Wendy Cockcroft says:

Re: Re: Re:

You’re mostly right but I’d let private healthcare providers run alongside this competing on service. You’d get fewer people using the “S” word if you did.

We need to stop responding to dog whistle words and base our opinions on policies on their actual merits, not on compliance with ideological positions.

Mason Wheeler (profile) says:

Re: Re: Re:

Very good points. #2 is why I’ve always said that for-profit healthcare is inherently a conflict of interest. (By which I mean actual health care; purely voluntary stuff like plastic surgery may be performed by doctors, but it’s not necessary to the maintenance of your health and so it belongs in a different category.)

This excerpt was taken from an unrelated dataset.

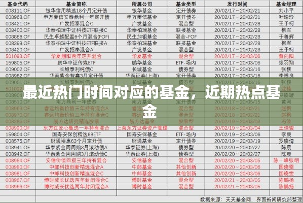 随着市场的波动和投资者需求的多样化,基金市场总是充满了各种热门时间点。这些时间点往往伴随着特定的市场趋势或政策变化,吸引了大量投资者的关注。本文将为您盘点近期市场上热门的时间点以及与之对应的基金产品。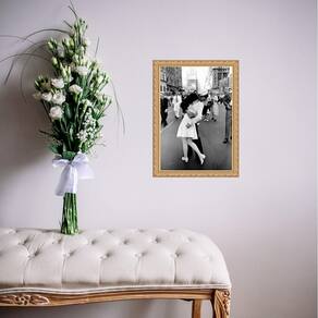 Quadro moldura dourada beijo segunda guerra 45x34cm Acabamento: com acetato Informações do produto tire todas as suas dúvidas no descritivo abaixo: decoração para quarto, sala, cozinha, escritório, área gourmet e muito mais. Chega de paredes vazias. Medidas - cada peça tem 45x34cm a3 . Material do papel - papel fotográfico brilhante de altíssima resolução acabamento - todos os quadros são acompanhados de vidro ou uma película de acetato para proteção da imagem conforme escolha . - os quadros são embalados de forma segura com plástico bolha com camada dupla de acordo com o tamanho dos quadros. Garantia - garantia de 3 meses. Meu quadro chegou. Como posso fixá-lo Você precisa apenas de um martelo e um prego, pois os quadros já vão acompanhados de penduradores. Esta é a forma mais indicada. Caso prefira, você pode utilizar uma fita dupla face neste caso, sugerimos de alta qualidade para evitar que descole e seu quadro caia . Como posso limpar meu quadro A limpeza é feita como um móvel comum da sua casa. Apenas um pano seco ou espanador são suficientes para tal

The thing about #1 and #2 is, I’m all for free markets, but I also recognize the simple fact that they’re not a panacea. Free market principles only work when freedom exists in the marketplace. When it’s “your money or your life,” you don’t have that freedom, and the whole system breaks down, so it needs to be run under other principles rather than pretending we have a free market.

Monday (profile) says:

BCBS "Blue"

Forget biblical times, the Nuns have the greatest works of art on their side when it comes to the use of blue and Christianity.
Blue was a color for Jesus, God, and Muslims used (still do) blue extensively for a thousand years. And, this was way before the big bad devil took the form that most people started associating with it six hundred years ago until present.

I really would like to see the Nuns triumph in this David and Goliath struggle… sorry.